Biography

About Lion Brilleslijper, his wife Lea Canes and their son Louis.

Lion Brilleslijper was the 5th of the six children of Ephraim Brilleslijper and Duifje Roodveld and was born in Amsterdam on 23 March 1899. He became a tailor by trade and married Lea Canes on 20 August 1924 in Amsterdam. She was born there on 12 April 1895 as a daughter of Abraham Canes and Marianne van de Kar.

Before his marriage, Lion lived at home with his parents and sister Marianne in the Manegestraat 8 1st floor, but after his wedding in August 1924, he and his wife Lea moved into living space at Nieuwe Kerkstraat 143 1st level, where also their son Louis was born on 2 May 1926. Then, on 10 August 1927 the family moved to Ruyschstraat 53 but by the end of 1936, they were living in with Esther Klein and her husband Meijer Kan at the upperhouse of no.95 at the Nieuwendijk.

However, the stay there was short-lived because already on 16 February 1937 the family moved to Zaandam. One year later, on 9 May 1938, they were already registered at another address there: Tuinstrat 78. Four years later, on 23 May 1942 the family of Lion Brilleslijper lived in with his parents at Manegestraat 8 1st floor in Amsterdam and on 21 July 1942 they moved to the Plantage Franschelaan 15-upperhouse.

After the Jews in the Netherlands were registered with the Jewish Council in 1941 and 1942, Lion Brilleslijper was given a “Sperre because of function”. (an exemption from deportation because of function). Although he was a tailor by profession, he became an assistant “employment in Germany” for the Jewish Council on 20 July 1942, for which he received an I.D. no. A1184.

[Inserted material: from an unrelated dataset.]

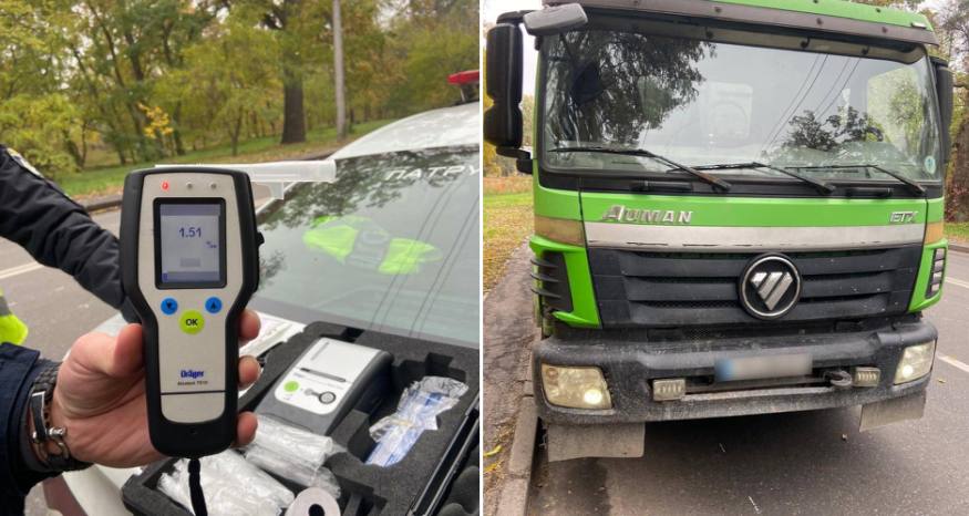 Спілкуючися з керманичем “Auman”, поліцейські виявили в останнього ознаки алкогольного сп’яніння та запропонували пройти відповідний огляд за допомогою приладу “Драгер”, на що чоловік погодився. Результат — 1,51 проміле.

As a result of Lion’s “Sperre”, also his wife Lea and son Louis were exempted from deportation for the time being (“bis auf weiteres”). Louis Brilleslijper, who had been previously trained and educated to become a tailor, became even on 13 April 1943 still an “errand boy” at “Gebouw PIGOL” (PIGOL-building), the asylum for Portuguese-Israelitic Married Old People in Amsterdam.

However, on 27 May 1943 the Lion Brilleslijper-family was arrested and carried off to Westerbork, where they ended up in barrack 61. All “Sperres” and exemptions  from deportation appeared to have largely been declared null and void by the Germans, that month of May. On 8 June 1943, Lion Brilleslijper, his wife Lea Canes and their son Louis Brilleslijper, together with more than 3000 other victims, among them the notorious Childrens transport from Vught, were deported to Sobibor.

The transport arrived there on 11 June 1943 where all 3017 deportees were immediately murdered in the gas chambers upon arrival there, among them all children and their accompagnants of the Childrens transport from Vught, and also the others, among them Lion Brilleslijper, his wife Lea Canes and their son Louis Brilleslijper. There were no suvivors.

Sources include the City Archive of Amsterdam, family registration cards of Liepman Brilleslijper and Abraham Canes; archive cards of Lion Brilleslijper, Lea Canes and Louis Brilleslijper; residence card Nieuwendijk 95 Amsterdam/Lion Brilleslijper; the file cabinet of the Jewish Council, registration cards of Lion Brilleslijper, Lea Brilleslijper-Canes and Louis Brilleslijper and the Wikipedia-website Jodentransporten vanuit Nederland.nl/8 June 1943.